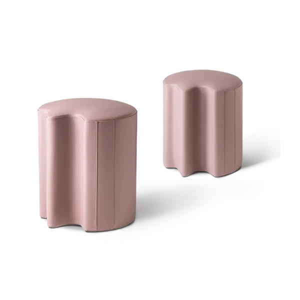 Пуф органичной формы, выполненный из ткани или кожи.
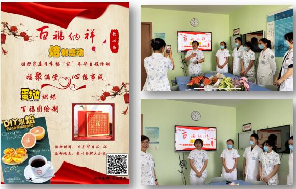 | 为加强医院文化建设,生物治疗科医护人员在聚心斋职工小家里举办了同绘百福图、共焙甜蜜蛋挞、连线援沪队员的“百福纳祥 焙制感动”现场直播活动。杜兰特说过:家庭是文明的核心,平安是家庭幸福的基石,和谐是社会文明的象征,只有“小家”平安幸福,“大家”才能和谐进步。有家的地方就有爱,有家的地方就有温暖,疫情当下,让我们用爱去温暖彼此的心灵,共同传递最美家力量,弘扬时代好家风。
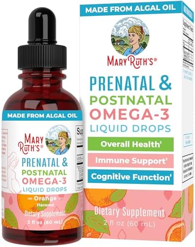 Support optimal health for both mother and baby with MaryRuth Organics Prenatal & Postnatal Omega-3 Liquid Drops. This premium, vegan-friendly supplement delivers essential Omega-3 fatty acids, including DHA and EPA, which are crucial for healthy fetal brain and eye development during pregnancy. It continues to provide vital cognitive support for infants through breastfeeding, while also aiding in maternal well-being and recovery before, during, and after childbirth, making it an indispensable part of your daily routine.
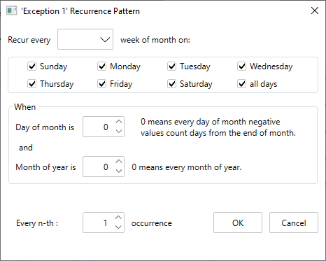 The following image shows how the Recurrence Pattern dialog appears at runtime:
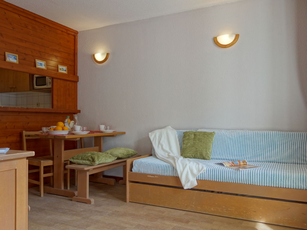 1-Zimmer-Studio 25 m2 im 1. Stock. Einfach und zweckmässig eingerichtet: Wohn-/Esszimmer mit 1 Diwanbett (140 cm, Länge 190 cm), TV (Flachbildschirm). Kabine 7 m2 mit 1 x 2 Etagenbetten (80 cm, Länge 190 cm). Ausgang zum Balkon. Kochnische (Geschirrspüler, 4 Glaskeramikherd Platten, Toaster, Wasserkocher, Mikrowelle, elektrische Kaffeemaschine). Bad, sep. WC. E-Heizung. 2 Balkone, Westlage. Sicht auf die Berge und die Landschaft. Zur Verfügung: Internet (Wireless LAN, extra). Bitte beachten: Nichtraucher-Unterkunft. Rauchmelder. Inserat einer Privatperson nach Artikel 155, IV, CGI.
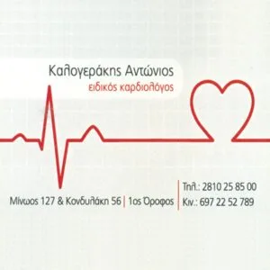 Ο Καρδιολόγος Καλογεράκης Αντώνιος διατηρεί ιδιωτικό ιατρείο στο Ηράκλειο Κρήτης, Μίνωος 127 και Κονδυλάκη 56, 1ος όροφος, όπου δέχεται κατόπιν τηλεφωνικού ραντεβού. Ο ιατρός είναι πιστοποιημένος με τον ΕΟΠΥΥ για ηλεκτρονική συνταγογράφηση.
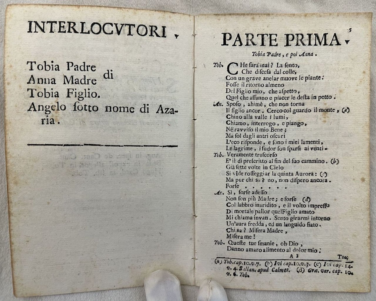 Raro libretto della prima rappresentazione del componimento "Il Tobia" di Aberilmo Eginense pseudonimo di Giovanni Antonio Battista Visconti (Vernazza 1722-1784) membro delle Accademie degli Aborigeni, Infecondi, Forti, Umbri di Foligno. Musica di Francisco Javier Garcia Fajer (1731-1809). In buone condizioni. Copertina assente. Legatura in buone condizioni. Pagine in buone condizioni con fioriture. In 16. 17,5x11,5 cm. Pp. 24.Scarce booklet of the first representeation of the component "Il Tobia" by Aberilmo Eginense pseudonymous of Giovanni Antonio Battista Visconti (Vernazza 1722-1784) member of Accademie degli Aborigeni, Infecondi, Forti, Umbri di Foligno. Music by Francisco Javier Garcia Fajer (1731-1809). In good conditions. Cover lacks. Binding in good conditions. Inside pages are in good conditions with foxing. In 16. 17,5x11,5 cm. Pp. 24.
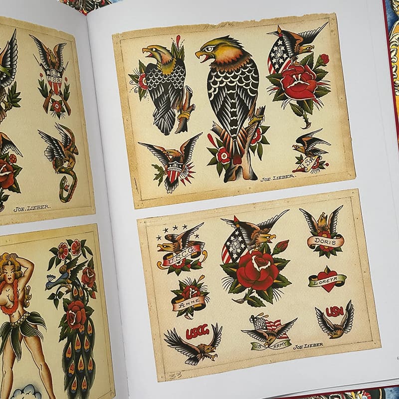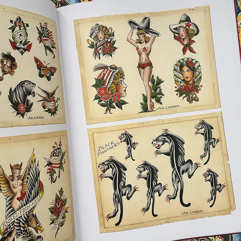 Brooklyn Joe Lieber (1888-1953) was a mentor for Sailor Jerry Collins. Though born in Brooklyn, Lieber moved to the S.F. Bay area and spent most of his career there. Sharing a powerful near-identical drawing and painting style, he and Collins originated and traded hundreds of designs. This book features Lieber’s brilliant and influential flash and drawings, equal in scope to those of Sailor Jerry. Published by Hardy Marks.

******************************

* Your instructions
What are the lines in the records above, word for word, from the one containing "Ο Καρδιολόγος Καλογεράκης" through the one containing "Raro libretto della", both ends included and pictures left out?

* Result
 Ο Καρδιολόγος Καλογεράκης Αντώνιος διατηρεί ιδιωτικό ιατρείο στο Ηράκλειο Κρήτης, Μίνωος 127 και Κονδυλάκη 56, 1ος όροφος, όπου δέχεται κατόπιν τηλεφωνικού ραντεβού. Ο ιατρός είναι πιστοποιημένος με τον ΕΟΠΥΥ για ηλεκτρονική συνταγογράφηση.
 Raro libretto della prima rappresentazione del componimento "Il Tobia" di Aberilmo Eginense pseudonimo di Giovanni Antonio Battista Visconti (Vernazza 1722-1784) membro delle Accademie degli Aborigeni, Infecondi, Forti, Umbri di Foligno. Musica di Francisco Javier Garcia Fajer (1731-1809). In buone condizioni. Copertina assente. Legatura in buone condizioni. Pagine in buone condizioni con fioriture. In 16. 17,5x11,5 cm. Pp. 24.Scarce booklet of the first representeation of the component "Il Tobia" by Aberilmo Eginense pseudonymous of Giovanni Antonio Battista Visconti (Vernazza 1722-1784) member of Accademie degli Aborigeni, Infecondi, Forti, Umbri di Foligno. Music by Francisco Javier Garcia Fajer (1731-1809). In good conditions. Cover lacks. Binding in good conditions. Inside pages are in good conditions with foxing. In 16. 17,5x11,5 cm. Pp. 24.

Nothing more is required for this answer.